School of Economics

The Longevity of Famous People from Hammurabi to Einstein

The Longevity of Famous People from Hammurabi to Einstein

David de la Croix and Omar Licandro

In this publication in the Journal of Economic Growth, David de la Croix and Omar Licandro aim to document the long period in which human longevity, defined as the average lifespan of individuals of a given cohort, stagnate and identify the time at which it started to increase above its plateau mean. To this aim, the authors built a new dataset of around 300,000 famous people born between the 24th century BCE (Hammurabi, king of Babylonia, is among the first) and 1879 CE, the year of Albert Einstein's birth. Vital dates were taken from the Index Bio-bibliographicus Notorum Hominum (IBN), which also contains information on multiple individual characteristics, including place of birth and death, occupation, nationality, religion and gender, among others. This very comprehensive tool, covering 3000 biographical sources from all countries and historical periods, enables Omar Licandro and his co-author to go beyond the current state of knowledge and to provide a global picture.

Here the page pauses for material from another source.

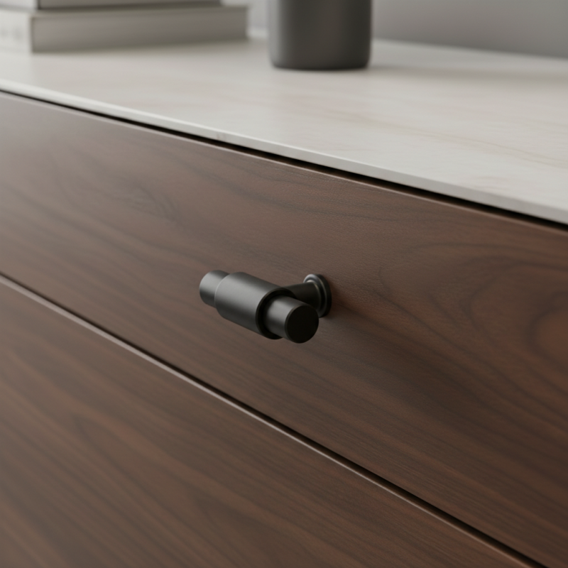 A gomb kiváló minőségű ötvözetből készült, amely nagy szilárdságot, stabilitást és hosszú élettartamot biztosít még mindennapos használat mellett is. A matt fekete felületkezelés kifinomult hatású, praktikus a karbantartás szempontjából, és ellenáll a szokásos kopásnak.

The main contribution of this paper is fourfold. First, it documents, using a worldwide, long-running, consistent database, that there was no trend in adult longevity until the second half of the 17th century, longevity of famous people being at about 60 years during this period. This finding is important as it provides a reliable confirmation to conjectures that life expectancy was rather stable for most of human history and establishes the existence of a Malthusian epoch.

Second, it shows that permanent improvements in longevity preceded the Industrial Revolution by at least one century. The longevity of famous people started to steadily increase for generations born around 1650, reaching a total gain of around nine years for Einstein's cohort. The rise in longevity among the educated segment of society hence preceded industrialization, lending credence to the hypothesis that human capital may have played a significant role in the process of industrialization and the take-off to modern growth.

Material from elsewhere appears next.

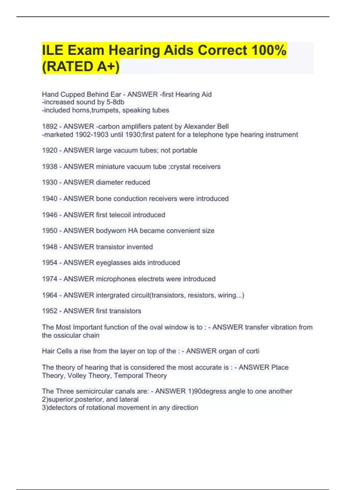 ILE Exam Hearing Aids Correct 100%(RATED A+)

Third, using information about locations and occupations available in the database, Omar Licandro and his co-author also found that the increase in longevity did not occur only in the leading countries of the 17th-18th century, but almost everywhere in Europe, and was not dominated by mortality reductions in any particular occupation. Hence, the results found in the existing literature about some local groups of nobles generalize to the whole class of elite people, including writers, scientists, artists, master craftsmen, etc.

Fourth, the rise in longevity is associated primarily with the recanalization of age specific mortality rates, not with a change in the characteristic length of life as measured by the lifespan. This suggests that the rise in longevity we observe in the 17th-19th century does not reflect changes in the biological lifespan of humans but rather improvements in its environment.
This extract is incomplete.